### Task to complete
Would you transcribe the listing that follows, character for character, and omit its images?

"""

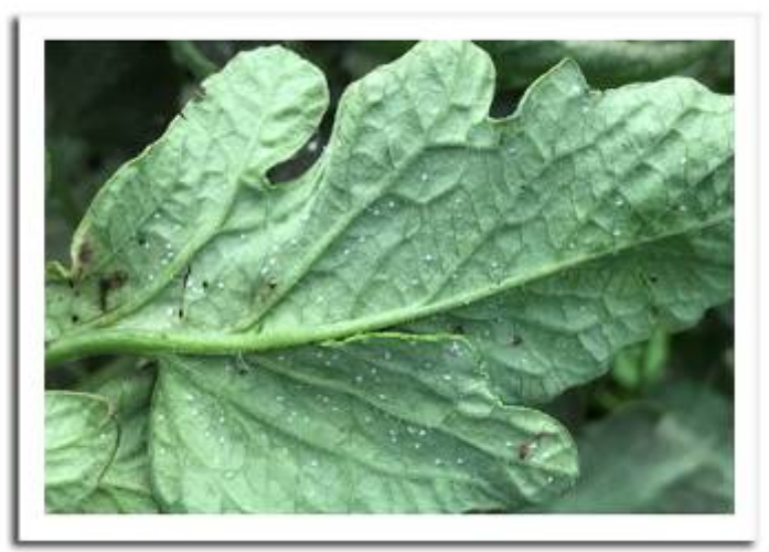
Whiteflies on tomato leaf

ing the commercially available parasitic wasp Encarsia formosa , is an option for growers who experience consistent whitefly problems.
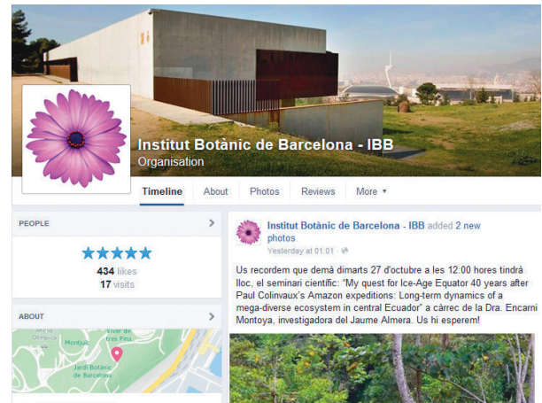
Figure 3. Facebook page ( http://www.facebook.com/InstitutBotanicBarcelona ).
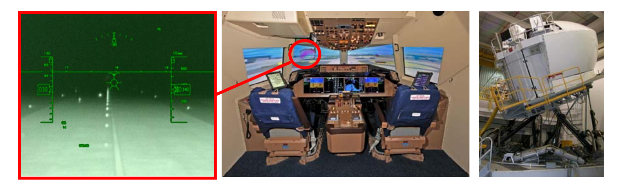
Figure 2. Full Motion-Based Commercial Aircraft Simulator (Enhanced Vision HUD shown)

The full-motion simulator (Figure 2) modeled a large commercial transport aircraft with typical weight and balance (approximately 180,000 pounds gross weight, 25% cg using 30,000 pounds fuel) and is configured to mimic the instrument panel of current state-of-the-art aircraft, with four 10.5" Vertical (V) by 13.25" Horizontal (H), 1280x1024 pixel resolution color displays tiled across the instrument panel. A collimated out-the-window (OTW) scene provided approximately 200 degrees horizontal by 40 degrees vertical FOV at 26 pixels per degree.
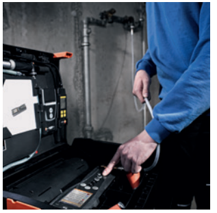
Automatic tightness test
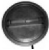
HEPA bottom cap
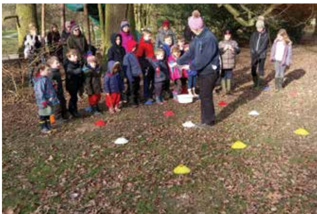
Learning orienteering at a Junior Ranger Club day, Yorkshire Arboretum
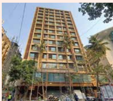
Wing - A Front View

Set in Malad's prime location near Sunder Nagar, Arkade Eden is set to be a standout 21-storey tower offering luxurious 2 & 3 BHK homes. It will feature a spacious vehicle-free eco deck and a range of amenities designed for every age group, from an infinity pool and a contemporary fitness center to engaging interactive areas and a serene space dedicated to senior citizens.
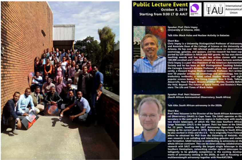
Figure 1. Left: Group picture from MSc/PhD students and young researchers training. Right: Poster with announced public talks.
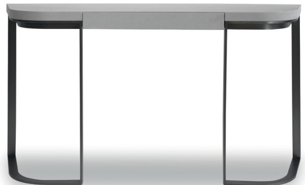
Kashmir Nuage b. brunita, burnished

Base in metallo ottonato satinato, in metallo brunito spazzolato a mano o in metallo nichelato satinato, con vernice opaca. Struttura in MDF con rivestimento in pelle.
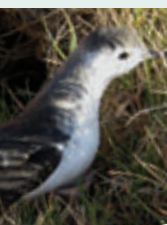
Little shearwater Puffinus assimilis

These graceful birds are snow-white except for their black bills, feet and eyes. Often flying in pairs, they are a symbol of Norfolk Island's summer sky. Fairy terns (as they are referred to locally) normally leave the island in May to spend several months at sea, flying constantly before returning in mid-August to mate.
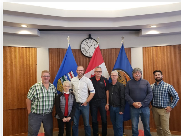
Meeting with Big Lakes County Council in High Prairie
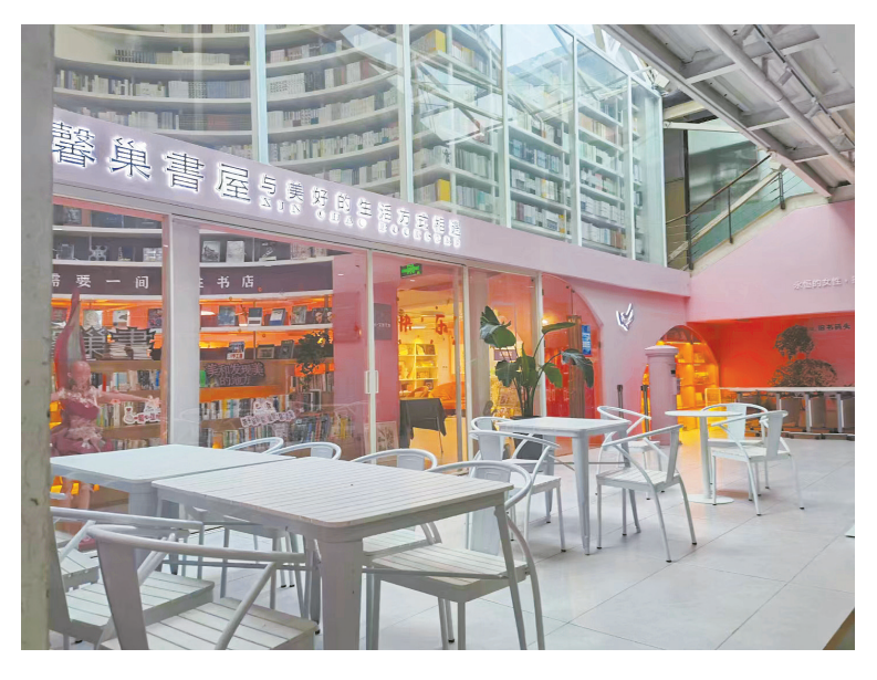
Indie bookstore SheLibrary reopened on Monday.
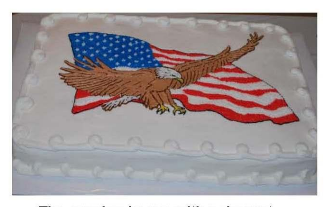
The evening began with a dessert reception, including a commemorative cake in honor of the veterans.

"""

### Reply to the task
Whiteflies on tomato leaf

ing the commercially available parasitic wasp Encarsia formosa , is an option for growers who experience consistent whitefly problems.
Figure 3. Facebook page ( http://www.facebook.com/InstitutBotanicBarcelona ).
Figure 2. Full Motion-Based Commercial Aircraft Simulator (Enhanced Vision HUD shown)

The full-motion simulator (Figure 2) modeled a large commercial transport aircraft with typical weight and balance (approximately 180,000 pounds gross weight, 25% cg using 30,000 pounds fuel) and is configured to mimic the instrument panel of current state-of-the-art aircraft, with four 10.5" Vertical (V) by 13.25" Horizontal (H), 1280x1024 pixel resolution color displays tiled across the instrument panel. A collimated out-the-window (OTW) scene provided approximately 200 degrees horizontal by 40 degrees vertical FOV at 26 pixels per degree.
Automatic tightness test
HEPA bottom cap
Learning orienteering at a Junior Ranger Club day, Yorkshire Arboretum
Wing - A Front View

Set in Malad's prime location near Sunder Nagar, Arkade Eden is set to be a standout 21-storey tower offering luxurious 2 & 3 BHK homes. It will feature a spacious vehicle-free eco deck and a range of amenities designed for every age group, from an infinity pool and a contemporary fitness center to engaging interactive areas and a serene space dedicated to senior citizens.
Figure 1. Left: Group picture from MSc/PhD students and young researchers training. Right: Poster with announced public talks.
Kashmir Nuage b. brunita, burnished

Base in metallo ottonato satinato, in metallo brunito spazzolato a mano o in metallo nichelato satinato, con vernice opaca. Struttura in MDF con rivestimento in pelle.
Little shearwater Puffinus assimilis

These graceful birds are snow-white except for their black bills, feet and eyes. Often flying in pairs, they are a symbol of Norfolk Island's summer sky. Fairy terns (as they are referred to locally) normally leave the island in May to spend several months at sea, flying constantly before returning in mid-August to mate.
Meeting with Big Lakes County Council in High Prairie
Indie bookstore SheLibrary reopened on Monday.
The evening began with a dessert reception, including a commemorative cake in honor of the veterans.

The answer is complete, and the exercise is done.